Information:
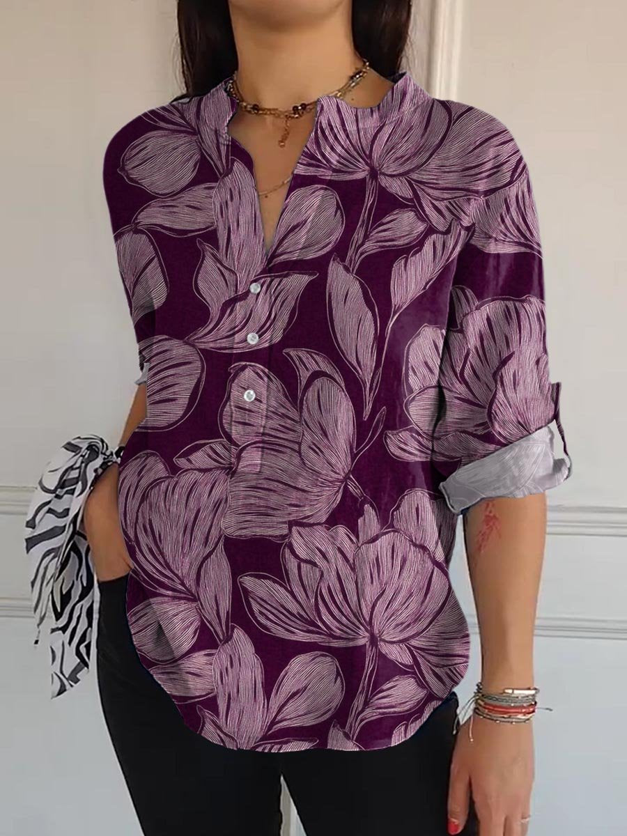 Women's Vintage Lovely Floral Art Print Casual Long Sleeve Comfortable Cotton Shirt
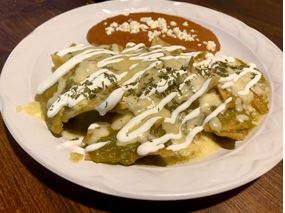 120 gr. 3 piezas. Tortilla de maíz rellenas de pechuga de pollo, bañada en salsa verde de la casa, gratinada con queso, con un toque de crema, acompañada de frijolitos.
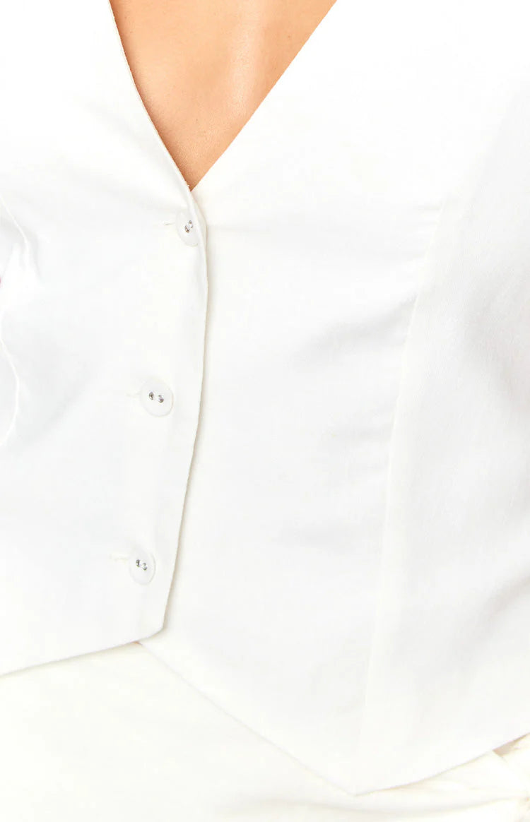 Our Sofi White Vest Top is the perfect blend of clean tailored comfort! With it's luxe material and tailored silhouette, this top adds a touch of sophisticated charm to any look! Pair with our Flora White Linen Shorts for a , finishing your look with a and matching heels to tie it all together.
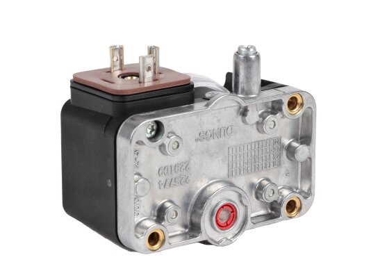 The sensor-relay is equipped with a damping nozzle. It is assembled in a compact housing, the base of which is cast from aluminum. The cover is made of impact-resistant, gas-tight polyamide. The sensitive membrane is made of elastic NBR rubber, does not collapse upon contact with flammable gases. The housing has a 9 mm diameter nipple for connecting a pressure gauge. The pressure parameters are adjusted by rotating the dial with a digital scale, located at the top of the device. The silver contacts are protected against dust / moisture according to the IP 54 standard. The connection is made using a plug.
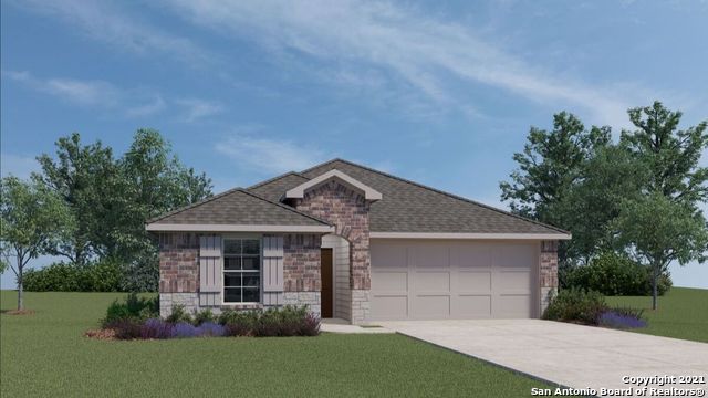 This home is currently under construction. The Caden plan is a one-story home featuring 3 bedrooms, 2 baths, and 2 car garage. The entry opens to two guest bedrooms and bath. An open concept dining and family area leads into the center kitchen. The kitchen includes a breakfast bar, beautiful granite counter tops, Whirlpool stainless steel appliances, and separate pantry. The bedroom 1 suite features attractive walk-in shower, marble countertops, and spacious walk-in closet. The standard covered patio is located off the family room. Additional features include full yard sod and irrigation system, and a professional landscape package. This home includes our HOME IS CONNECTED base package which includes the Amazon Dot, Front Door Bell, Front Door Deadbolt Lock, Home Hub, Light Switch, and Thermostat. Oak Creek Estates has it all! From granite countertops and stainless steel, natural gas appliances in the kitchen, to spacious open-concept design layouts and two-car garages, nothing is left out of this stunning new home community. These beautifully crafted homes are located off I-35 and Goodwin Lane, providing easy commutes to San Antonio & San Marcos, HEB Plus, and gorgeous Gruene, TX. Enjoy six modern floor plans ranging from 1, 296 square feet to over 2300 square feet. Oak Creek new construction homes will feature D.R. Horton's new smart home system, Home Is Connected, ensuring security and peace of mind for all home buyers. NEW PHASE NOW OPEN. Additional features include: On-site Comal ISD elementary school Resort-style amenities including pool, splash pad, and playground. Conveniently located 5 miles from Schlitterbahn Waterpark and popular tubing spots on the Comal River. 15 minutes from golfing, hiking, sightseeing, and entertainment at Landa Park.

What you should do: Where an entry holds an image, drop the image and copy the remaining text exactly.

Written response:
 Women's Vintage Lovely Floral Art Print Casual Long Sleeve Comfortable Cotton Shirt
 120 gr. 3 piezas. Tortilla de maíz rellenas de pechuga de pollo, bañada en salsa verde de la casa, gratinada con queso, con un toque de crema, acompañada de frijolitos.
 Our Sofi White Vest Top is the perfect blend of clean tailored comfort! With it's luxe material and tailored silhouette, this top adds a touch of sophisticated charm to any look! Pair with our Flora White Linen Shorts for a , finishing your look with a and matching heels to tie it all together.
 The sensor-relay is equipped with a damping nozzle. It is assembled in a compact housing, the base of which is cast from aluminum. The cover is made of impact-resistant, gas-tight polyamide. The sensitive membrane is made of elastic NBR rubber, does not collapse upon contact with flammable gases. The housing has a 9 mm diameter nipple for connecting a pressure gauge. The pressure parameters are adjusted by rotating the dial with a digital scale, located at the top of the device. The silver contacts are protected against dust / moisture according to the IP 54 standard. The connection is made using a plug.
 This home is currently under construction. The Caden plan is a one-story home featuring 3 bedrooms, 2 baths, and 2 car garage. The entry opens to two guest bedrooms and bath. An open concept dining and family area leads into the center kitchen. The kitchen includes a breakfast bar, beautiful granite counter tops, Whirlpool stainless steel appliances, and separate pantry. The bedroom 1 suite features attractive walk-in shower, marble countertops, and spacious walk-in closet. The standard covered patio is located off the family room. Additional features include full yard sod and irrigation system, and a professional landscape package. This home includes our HOME IS CONNECTED base package which includes the Amazon Dot, Front Door Bell, Front Door Deadbolt Lock, Home Hub, Light Switch, and Thermostat. Oak Creek Estates has it all! From granite countertops and stainless steel, natural gas appliances in the kitchen, to spacious open-concept design layouts and two-car garages, nothing is left out of this stunning new home community. These beautifully crafted homes are located off I-35 and Goodwin Lane, providing easy commutes to San Antonio & San Marcos, HEB Plus, and gorgeous Gruene, TX. Enjoy six modern floor plans ranging from 1, 296 square feet to over 2300 square feet. Oak Creek new construction homes will feature D.R. Horton's new smart home system, Home Is Connected, ensuring security and peace of mind for all home buyers. NEW PHASE NOW OPEN. Additional features include: On-site Comal ISD elementary school Resort-style amenities including pool, splash pad, and playground. Conveniently located 5 miles from Schlitterbahn Waterpark and popular tubing spots on the Comal River. 15 minutes from golfing, hiking, sightseeing, and entertainment at Landa Park.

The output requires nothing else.